# [Collected material]
-- -- --

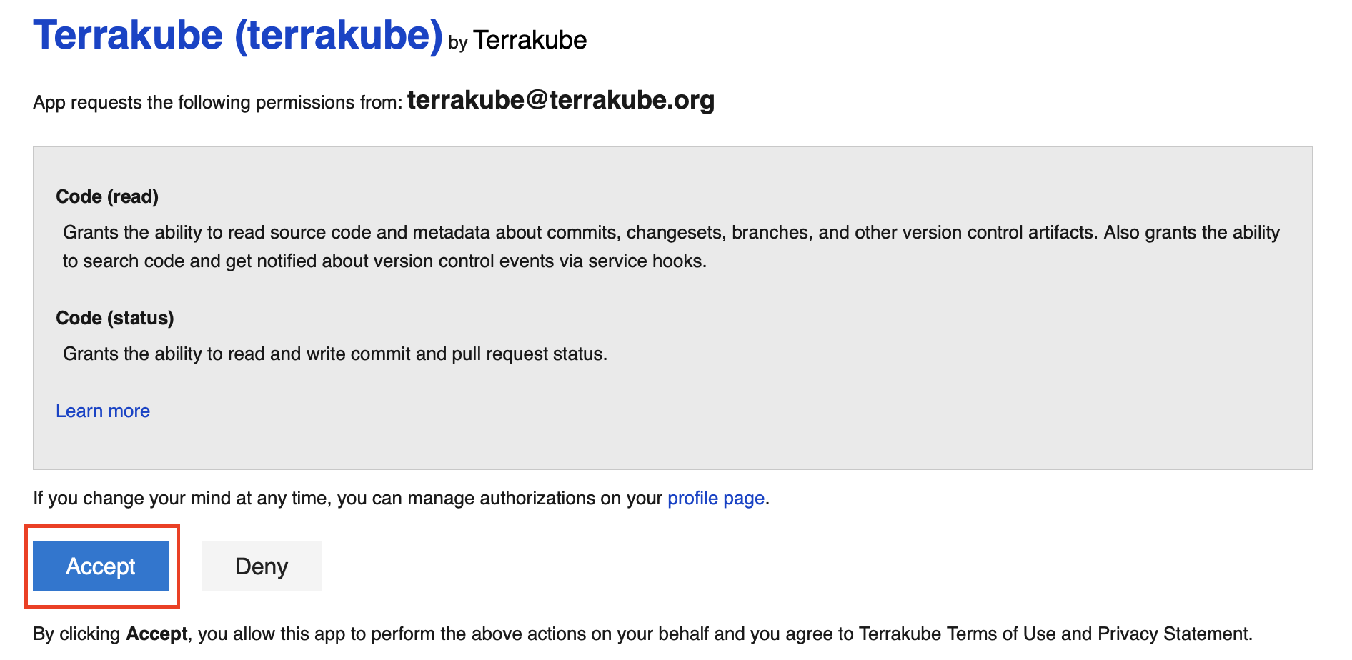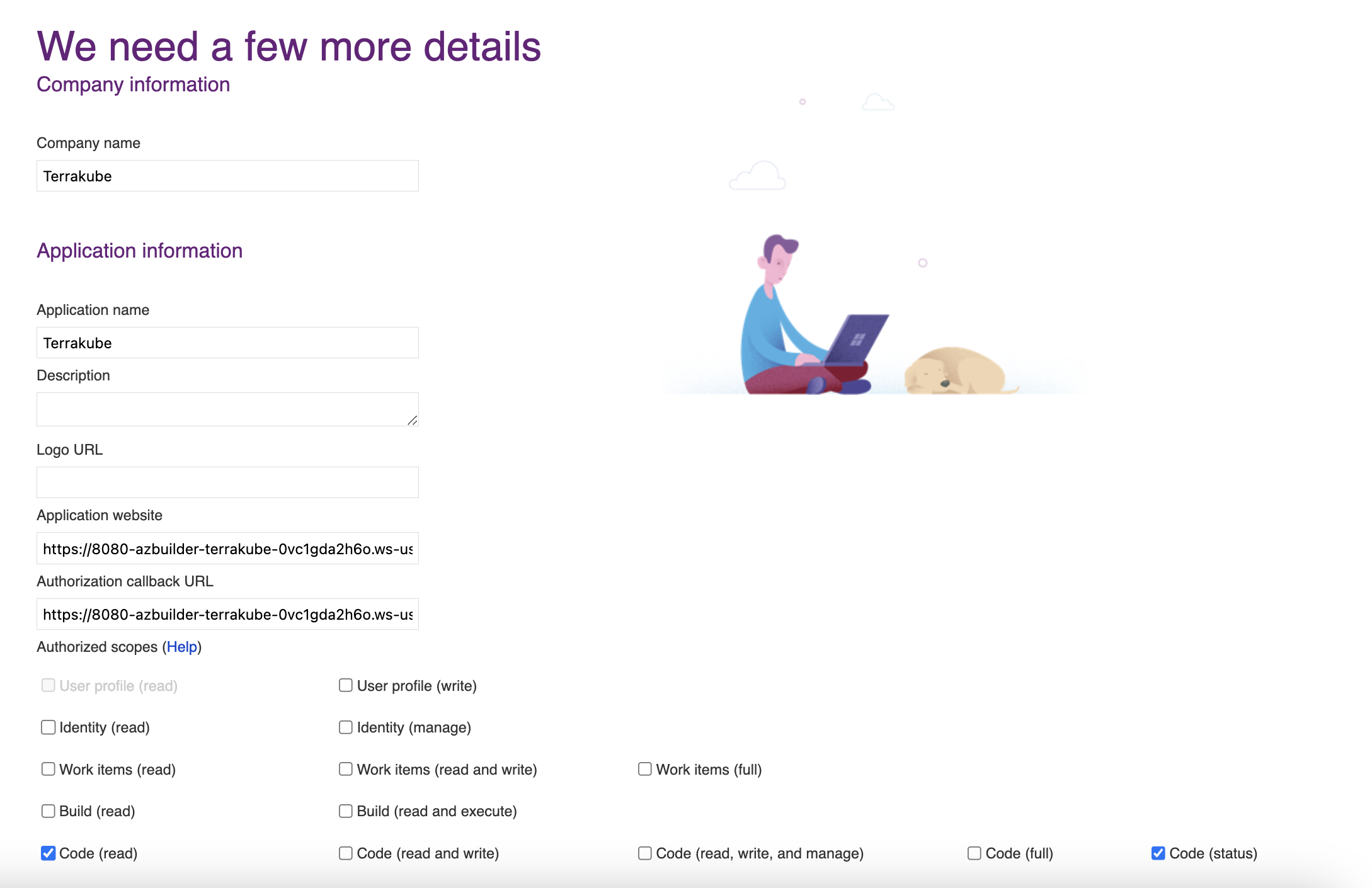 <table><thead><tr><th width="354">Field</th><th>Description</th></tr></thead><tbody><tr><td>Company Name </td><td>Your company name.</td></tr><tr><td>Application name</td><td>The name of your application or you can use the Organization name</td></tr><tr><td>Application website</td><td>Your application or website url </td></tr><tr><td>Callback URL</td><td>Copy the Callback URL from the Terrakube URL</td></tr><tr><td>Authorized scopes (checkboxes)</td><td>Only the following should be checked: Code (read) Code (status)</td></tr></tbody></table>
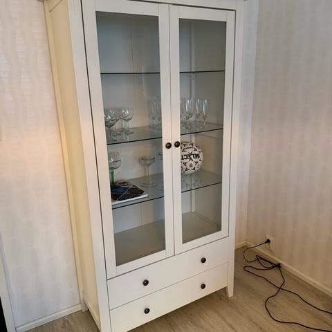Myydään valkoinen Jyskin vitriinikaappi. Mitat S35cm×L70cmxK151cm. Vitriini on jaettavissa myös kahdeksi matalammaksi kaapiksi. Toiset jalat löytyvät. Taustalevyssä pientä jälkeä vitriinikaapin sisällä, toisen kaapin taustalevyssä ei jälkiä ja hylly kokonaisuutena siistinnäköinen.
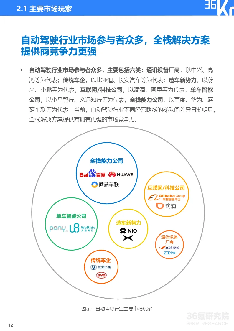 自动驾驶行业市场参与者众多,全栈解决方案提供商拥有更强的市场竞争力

-- -- --

# [Exercise brief]
Print all data above verbatim, except pictures.

# [Solution to the exercise]
 <table><thead><tr><th width="354">Field</th><th>Description</th></tr></thead><tbody><tr><td>Company Name </td><td>Your company name.</td></tr><tr><td>Application name</td><td>The name of your application or you can use the Organization name</td></tr><tr><td>Application website</td><td>Your application or website url </td></tr><tr><td>Callback URL</td><td>Copy the Callback URL from the Terrakube URL</td></tr><tr><td>Authorized scopes (checkboxes)</td><td>Only the following should be checked: Code (read) Code (status)</td></tr></tbody></table>
Myydään valkoinen Jyskin vitriinikaappi. Mitat S35cm×L70cmxK151cm. Vitriini on jaettavissa myös kahdeksi matalammaksi kaapiksi. Toiset jalat löytyvät. Taustalevyssä pientä jälkeä vitriinikaapin sisällä, toisen kaapin taustalevyssä ei jälkiä ja hylly kokonaisuutena siistinnäköinen.
 自动驾驶行业市场参与者众多,全栈解决方案提供商拥有更强的市场竞争力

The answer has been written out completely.